Thank you, Tim! The "verbose" option is a great suggestion. It gives a lot of useful info and can probably help me to answer my own question.

I inspected the output with "MIC_KMP_AFFINITY=balanced,verbose" and found that regardless of whether I set MIC_KMP_PLACE_THREADS=59C,4t or leave it blank, I get the same mapping of threads to procs. However, it does not seem to be important: with or without MIC_KMP_PLACE_THREADS, the offloaded code maps the OS procs only to cores 0 through 58 (not 59). This is the output that I get with MIC_KMP_AFFINITY=balanced,verbose and MIC_KMP_PLACE_THREADS="" on a 60-core coprocessor:

OMP: Info #154: KMP_AFFINITY: Initial OS proc set respected: {1,2,3,4,5,6,7,8,9,10,11,12,13,14,15,16,17,18,19,20,21,22,23,24,25,26,27,28,29,30,31,32,33,34,35,36,37,38,39,40,41,42,43,44,45,46,47,48,49,50,51,52,53,54,55,56,57,58,59,60,61,62,63,64,65,66,67,68,69,70,71,72,73,74,75,76,77,78,79,80,81,82,83,84,85,86,87,88,89,90,91,92,93,94,95,96,97,98,99,100,101,102,103,104,105,106,107,108,109,110,111,112,113,114,115,116,117,118,119,120,121,122,123,124,125,126,127,128,129,130,131,132,133,134,135,136,137,138,139,140,141,142,143,144,145,146,147,148,149,150,151,152,153,154,155,156,157,158,159,160,161,162,163,164,165,166,167,168,169,170,171,172,173,174,175,176,177,178,179,180,181,182,183,184,185,186,187,188,189,190,191,192,193,194,195,196,197,198,199,200,201,202,203,204,205,206,207,208,209,210,211,212,213,214,215,216,217,218,219,220,221,222,223,224,225,226,227,228,229,230,231,232,233,234,235,236}

OMP: Info #156: KMP_AFFINITY: 236 available OS procs
OMP: Info #157: KMP_AFFINITY: Uniform topology
OMP: Info #159: KMP_AFFINITY: 1 packages x 59 cores/pkg x 4 threads/core (59 total cores)
OMP: Info #206: KMP_AFFINITY: OS proc to physical thread map:
OMP: Info #171: KMP_AFFINITY: OS proc 1 maps to package 0 core 0 thread 0
OMP: Info #171: KMP_AFFINITY: OS proc 2 maps to package 0 core 0 thread 1
OMP: Info #171: KMP_AFFINITY: OS proc 3 maps to package 0 core 0 thread 2


OMP: Info #171: KMP_AFFINITY: OS proc 233 maps to package 0 core 58 thread 0
OMP: Info #171: KMP_AFFINITY: OS proc 234 maps to package 0 core 58 thread 1
OMP: Info #171: KMP_AFFINITY: OS proc 235 maps to package 0 core 58 thread 2
OMP: Info #171: KMP_AFFINITY: OS proc 236 maps to package 0 core 58 thread 3
OMP: Info #147: KMP_AFFINITY: Internal thread 0 bound to OS proc set {1}
OMP: Info #147: KMP_AFFINITY: Internal thread 1 bound to OS proc set {5}
OMP: Info #147: KMP_AFFINITY: Internal thread 2 bound to OS proc set {9}


OMP: Info #147: KMP_AFFINITY: Internal thread 232 bound to OS proc set {224}
OMP: Info #147: KMP_AFFINITY: Internal thread 233 bound to OS proc set {228}
OMP: Info #147: KMP_AFFINITY: Internal thread 234 bound to OS proc set {232}
OMP: Info #147: KMP_AFFINITY: Internal thread 235 bound to OS proc set {236}

So, correct me if I am wrong: this output suggests that MPSS is actually already smart enough to avoid scheduling calculations on its designated core. Or are there situations where this will not be the case?

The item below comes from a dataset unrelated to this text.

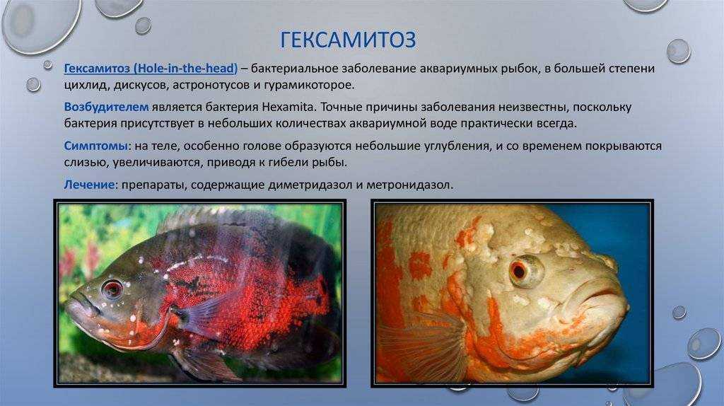 - Гексамитоз.Сопровождается расширением пор в районе головы и боковой линии, отсутствие аппетита и истощением рыбы. Лечится метронидазолом. В запущенной стадии приводит к смерти питомца.

P.S.: if the variable MIC_KMP_PLACE_THREADS is documented in any public resources, could you please point me to them?

Yes, in offload mode, by default, the core used by OS is avoided. There is an override option for KMP_AFFINITY.

I think it would be helpful if the current references would be posted at the top of this forum (or a handy search applet); now that you mention it, I'm having difficulty searching for them.   Does this content index work for you?

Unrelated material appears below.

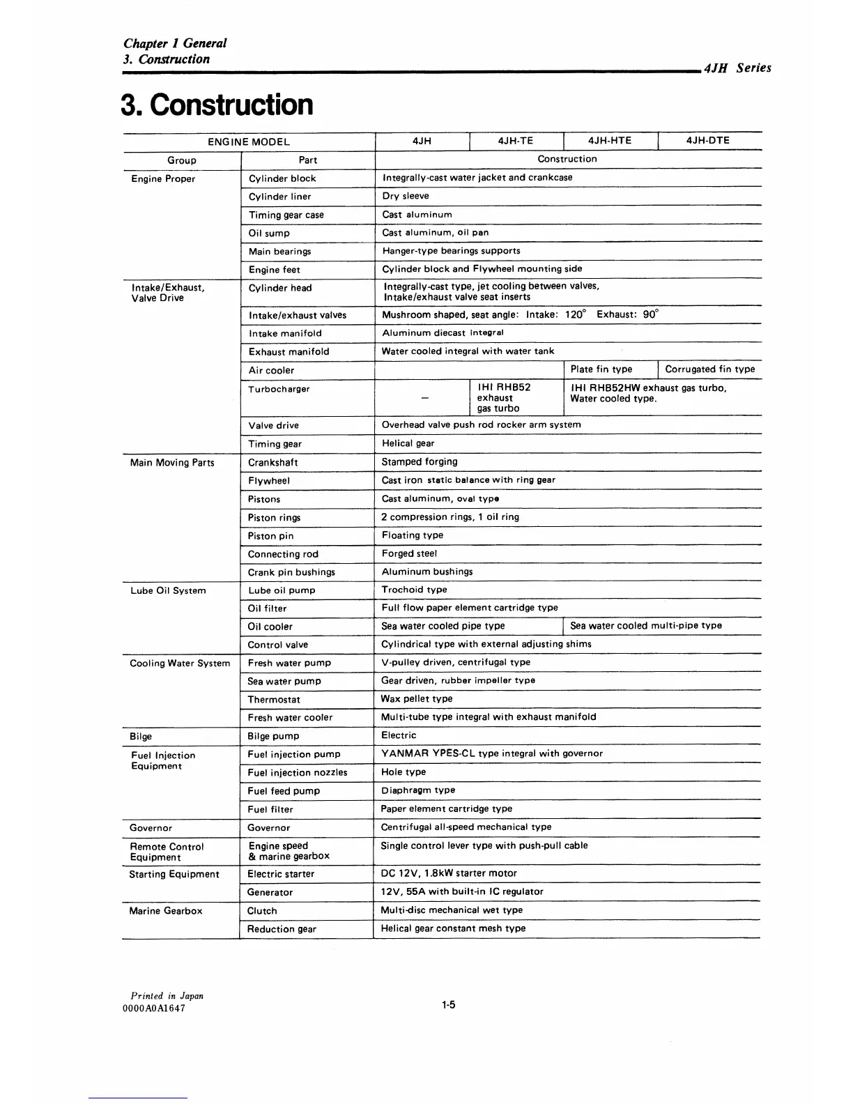 Yanmar 4JH-TE - Engine Construction and Components

After a few more searches, I did find:

Several of the presentations are offered with both video and .pdf text at

Treatment of OpenMP and MPI environment variables appears not to be entirely up to date.

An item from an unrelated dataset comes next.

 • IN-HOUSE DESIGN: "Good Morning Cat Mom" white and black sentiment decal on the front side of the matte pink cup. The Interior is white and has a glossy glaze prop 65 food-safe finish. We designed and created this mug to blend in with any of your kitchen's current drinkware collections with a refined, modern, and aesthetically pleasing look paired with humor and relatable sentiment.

KMP_PLACE_THREADS is documented in the release notes for compiler 2013 update 2.

By the way, there's also an obscure reference to 2 of the new OpenMP 4 features being implemented in the simd and target categories:

I've searched unsuccessfully for adequate documentation.

is another recent bit of important documentation.

Thank you for all the good information, Tim! Do you know whether the documentation for Intel C++ Compiler XE 2013 Update 2 that you mentioned is available publicly? A lot of the features that I find in white papers and on forums are not documented in the currently available reference (this).

The following reference refers to offload use of KMP_PLACE_THREADS:

I'm running an OpenMP 4 test program for publication in which


gives me typically 50% performance boost over leaving these environment variables unset.  A majority of individual tests perform better at 59c,1t in offload mode, although they scale to 2 threads/core when running native on MIC.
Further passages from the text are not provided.